Sorry Brent, I am waiting for my machine to arrive but I will be checking that very quickly. Micrometer holder already printed. Very worrying if even the print sheet isn’t flat. Can understand the print bed with that support web never being flat with heating and cooling but a flat print sheet should be easy.
I can confirm that the print sheet isn’t perfectly flat (or at least there are differences in the thickness of the coating). I’ve been doing some tests as well (not on glass, but on a flattened wasteboard (and without heating) flipping the print sheet around could result in some significant differences. I didn’t keep al my measurements, but I believe I found differences up to .20-.15mm when trying different orientations. (there may also be some deviation in the individual measurements. Haven’t tested that exhaustively yet)
So even on a normal print bed the fifix solution might prove to have more consistent results.
What do you think about this type of glass, borosilicate glass. i can have it cut to any size i want.
1/8 thick would be okay right?
Or would you think gorilla glass would be better? Its available in much thinner sizes, although getting it cut in custom size is not an option on mcmaster carr anyhow. I could talk to local glass supplier I guess but im a mcmaster junkie.
I can use the metal PEI sheet and the inductive sensor picks it up just fine. I put it on top of a sheet of glass, but it is flexible so the binder clips on the outside made it spring up a bit in the center.
It is shipped with a magnetic sticker that you should glue down to the glass and it will hold the metal sheet firmly. Haven’t tried that because I just have a thin sheet of picture frame glass. Need to get into town to get a thicker sheet.

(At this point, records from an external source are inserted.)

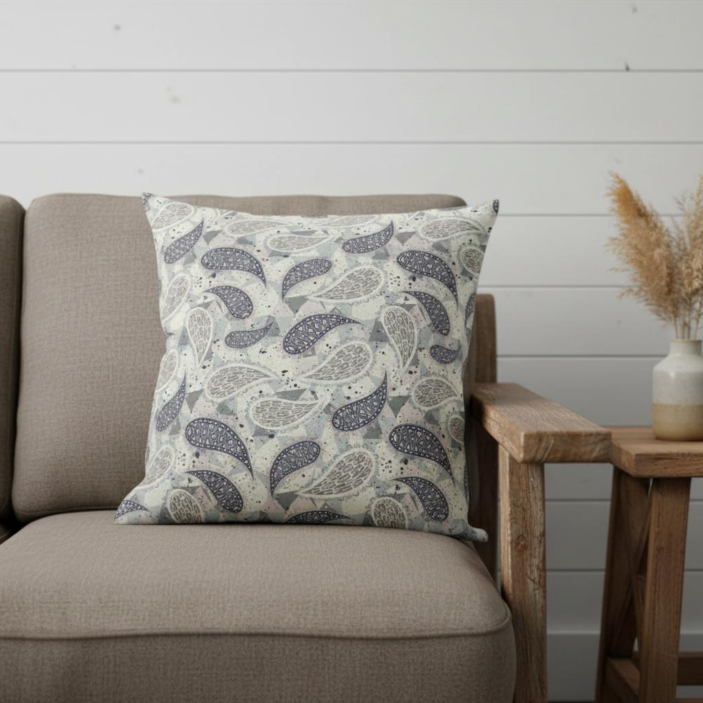 boho paisley suede throw pillow, 20 gray cream boho paisley, paisley suede throw pillow, gray cream boho paisley suede, cream boho paisley suede throw |
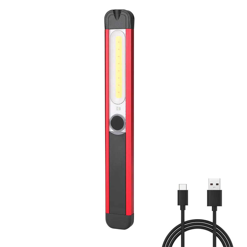 Особенности: Высококачественный материал с длительным сроком службы. Светодиод COB, яркий и энергосберегающий. С помощью мощного магнита на задней панели вы можете прикрепить его к автомобилю или другой металлической поверхности для использования в качестве рабочего фонаря, кемпинговой лампы. Встроенный перезаряжаемый аккумулятор, интерфейс USB для зарядки, легко заряжать. Подходит для самообороны, кемпинга, треккинга, ночной езды, ремонта автомобилей и так далее. Спецификация: Материал: алюминиевый сплав и АБС Цвет изделия: черный и красный Цвет светильник: белый и красный Источник светильник светодиодный + COB Размер: 19,6 см x 2,7 см x 1,2 см Вес: 61 г Питание: встроенная перезаряжаемая литиевая батарея Светильник: XPG верхсветильник, COB белый высокий светильник, COB Белый низсветильник, COB светильник, COB красный свет стробоскоп Посылка входит: Светильник 1 x USB-кабель для зарядки
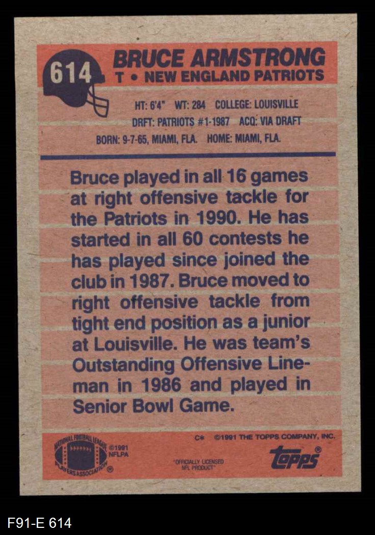 1991 Topps #614 Bruce Armstrong 8 - NM/MT
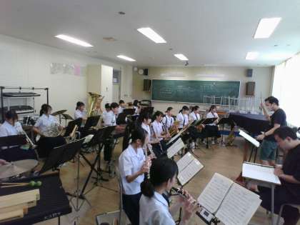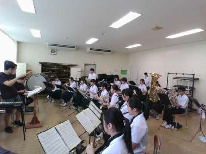 吹奏楽部は、外部の指導者を招き、半日練習を行いました。来月、出場予定の県吹奏楽コンクールの演奏曲「鬼姫〜美しき幻影」を中心に練習しました。明日は、本番のためのホール練習、明後日はオーバード・ホールでの富山地区吹奏楽祭に参加します。
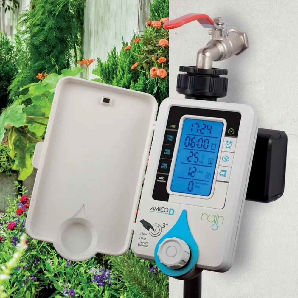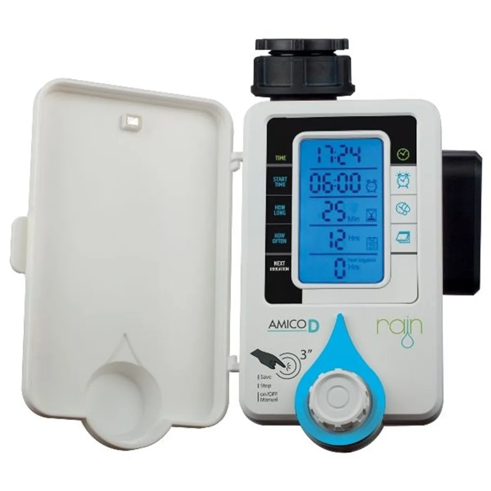Rain AMICO D1 je digitální řídicí jednotka určená pro ovládání jedné sekce, ideální pro menší zavlažovací systémy, jako jsou předzahrádky, terasy nebo vyvýšené záhony. Díky vestavěnému elektromagnetickému ventilu a napájení ze dvou 1,5 V AA baterií funguje nezávisle na elektrické síti a snadno se instaluje přímo na zahradní kohoutek.
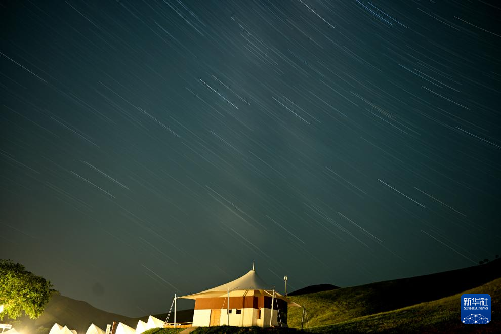 7月19日在乌兰毛都草原上的帐篷客营地拍摄的星空(长时间曝光照片)。(新华社记者 贝赫 摄)
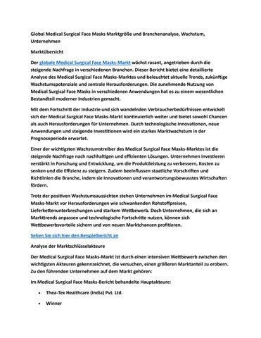 Global Medical Surgical Face Masks Marktgröße und Branchenanalyse, Wachstum, Unternehmen
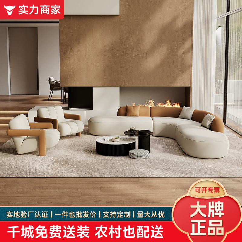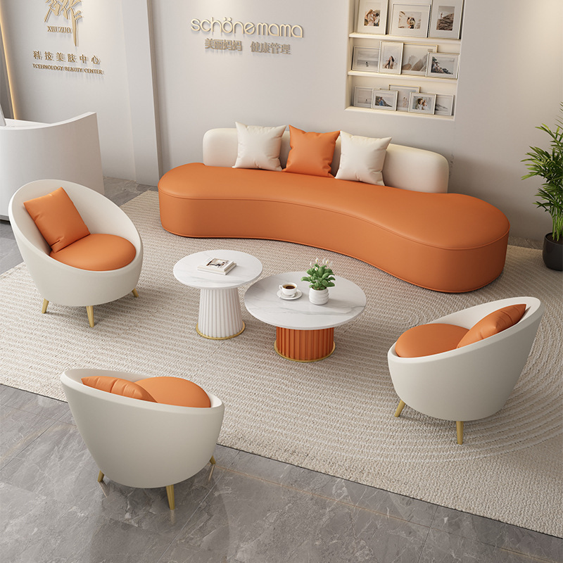 Sofa toko pakaian sofa Nordic kecil apartemen penjualan ruang tamu area sandaran kantor teknologi penerimaan Kulit melengkung sofa kantor

@MooseJuice Thats the gold standard in glass and will work exceptionally well. Most people just use 3mm glass either plain or mirrored what ever they can get cheaply. I think there is very little difference in the flatness of any decent glass. My experience is at the build your own printer level of printer where low cost was always good
Thicker is better for retaining flatness. Glass makes things flatter (1) by bridging high spots on the bend and (2) pressing down on the bed with its own mass. If the glass is too thin, it will sag somewhat between them. I’ve not measured actual deflection of glass sheets under their own weight, so I can’t say that 1/8 would be adequate, but it certainly seems too thin to press down much.
Another aspect of thickness is how much internal stress it can resist. In the first layer of printing, you’re laying down hot plastic on a colder surface, expanding it. The hotter part is in compression and the outer, cooler part is in tension. Thicker glass resists those forces better than thinner glass.
Borosilicate glass differs from ordinary window glass (a flint glass) primarily be it’s lower thermal coefficient. It’s also less chemically reactive, but that’s not at issue here. Lower thermal coefficient means more resistant to thermal shock. There’s no issue with thermal shock with window glass, as experienced has proved. It makes some people feel good to have their premium glass, but insofar as I can see it’s only spending more than necessary.
@MooseJuice I have been printing on standard 3mm glass for years now. It’s very flat and since all you are doing is taking the dips and rises out of the bed I dont think there is much chance of it sagging unless you leave in on the bed for a hundred years or so.
Dont see the benefit of borosilicate glass especially when on this device it will be on and off as you change beds with the usual chance of breakage.
i am ordering some borosilicate glass because i am absurd like that, but also buying some regular glass.
the description on mcmaster carr explicitly calls out that borosilicate is ideal for 3d printing due to its smoothe flat finish and tolerance to heat swings without warpage.
is it necessary? probably not, but im going to try them both anyhow.